+++ Supplied entries

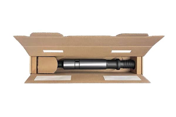 De zware industriële boren en boorschacht-adapters (shank adapters) liggen stabiel en beschermd in de doos, op voldoende afstand van de buitenverpakking. Met een extra tussenlaag kunnen ook kortere boren stabiel worden ondersteund.
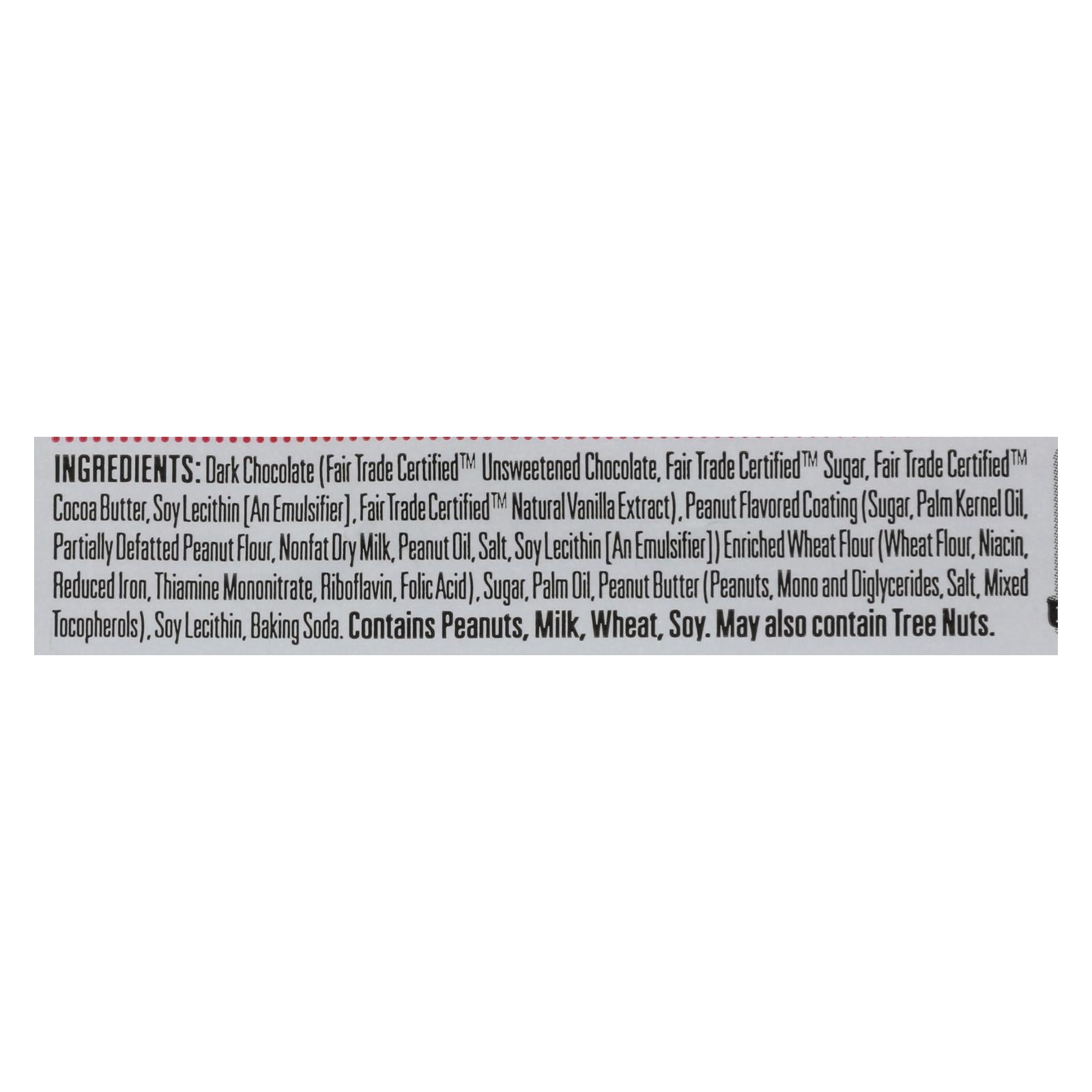 ingredients : dark chocolate;fair trade certified™ unsweetened chocolate;fair trade certified™ sugar;fair trade certified™ cocoa butter;butterfat;milk;sunflower lecithin;palm oil;peanut butter;wheat flour;whey milk powder;salt;vanilla extract;baking soda
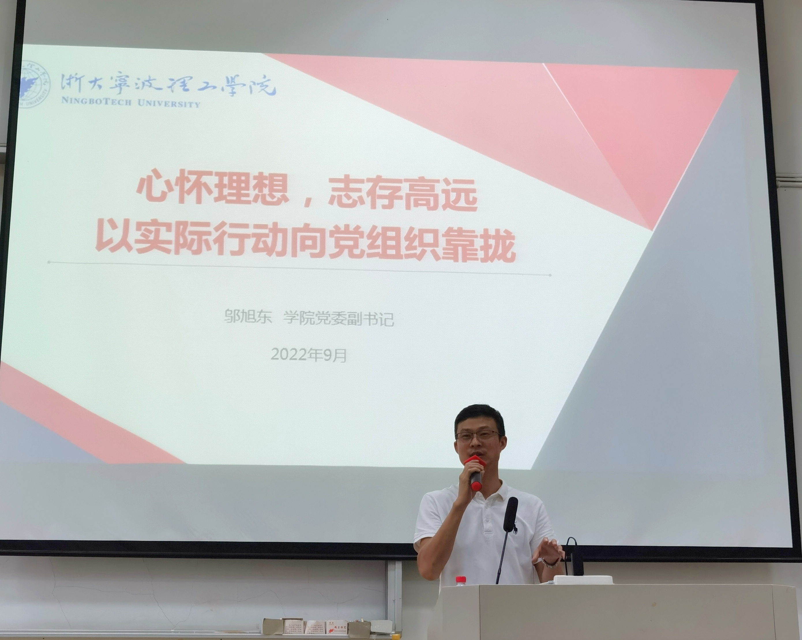 邬老师以“心怀理想,志存高远——以实际行动向党组织靠拢”为主题,从学院党委基本情况介绍、党的基础知识、党员发展的组织程序以及怎么撰写入党申请书几个方面给新生做专题报告。
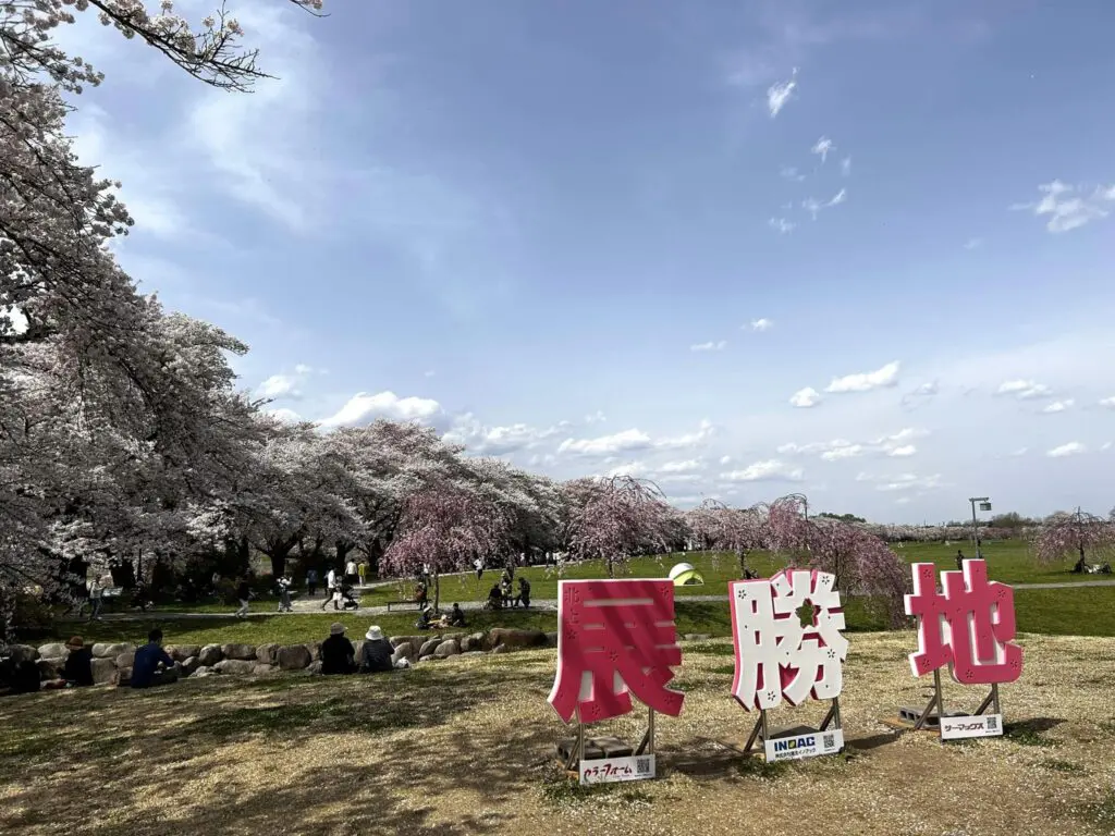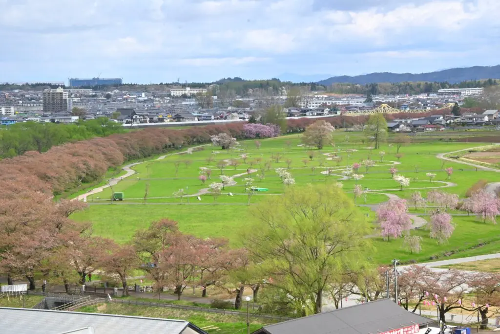 展勝地名稱由來就是從南邊這處土丘,可以將整個櫻花隧道、公園綠地與北上川盡收眼底。
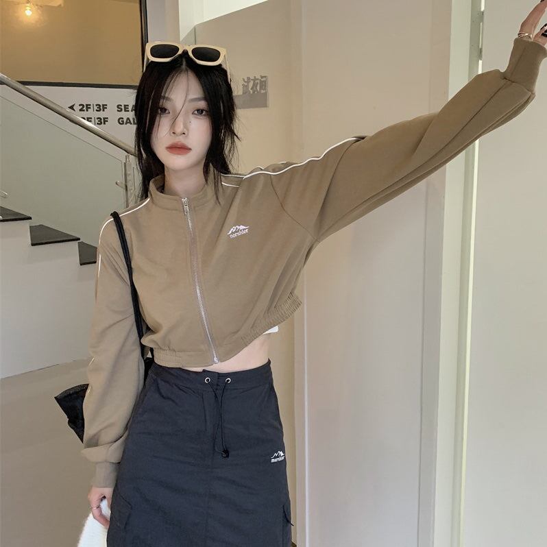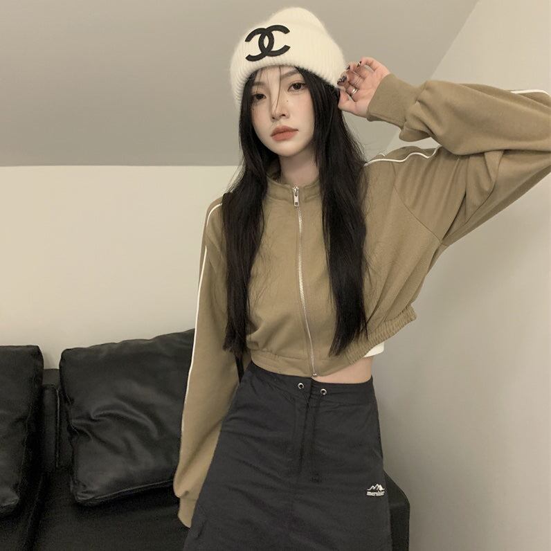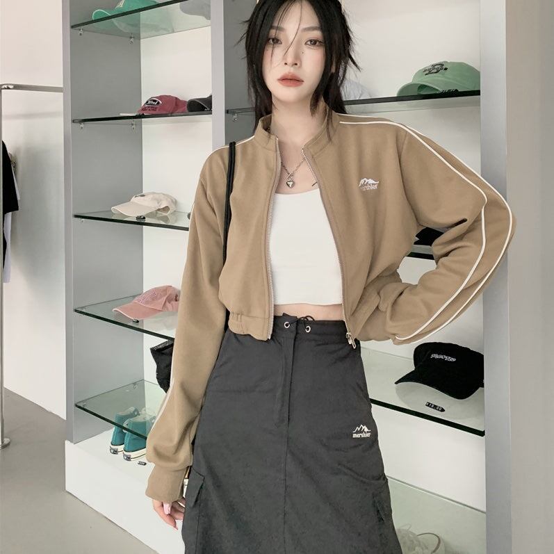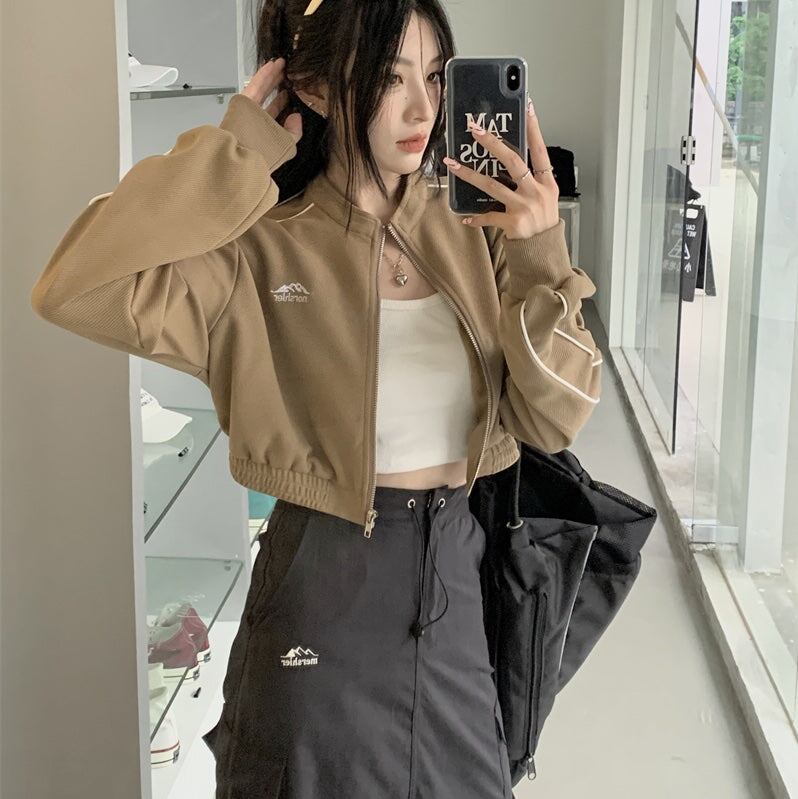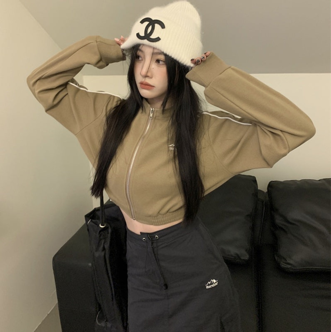 クロップド トラック ジャケット ブルゾン レディース 韓国 ファッション 秋 ショート丈 ジャージジャケット

++++++

◆ Description of the task ◆
Everything in the records above should be printed again exactly, except the pictures.

◆ Solved exercise ◆
 De zware industriële boren en boorschacht-adapters (shank adapters) liggen stabiel en beschermd in de doos, op voldoende afstand van de buitenverpakking. Met een extra tussenlaag kunnen ook kortere boren stabiel worden ondersteund.
 ingredients : dark chocolate;fair trade certified™ unsweetened chocolate;fair trade certified™ sugar;fair trade certified™ cocoa butter;butterfat;milk;sunflower lecithin;palm oil;peanut butter;wheat flour;whey milk powder;salt;vanilla extract;baking soda
 邬老师以“心怀理想,志存高远——以实际行动向党组织靠拢”为主题,从学院党委基本情况介绍、党的基础知识、党员发展的组织程序以及怎么撰写入党申请书几个方面给新生做专题报告。
 展勝地名稱由來就是從南邊這處土丘,可以將整個櫻花隧道、公園綠地與北上川盡收眼底。
 クロップド トラック ジャケット ブルゾン レディース 韓国 ファッション 秋 ショート丈 ジャージジャケット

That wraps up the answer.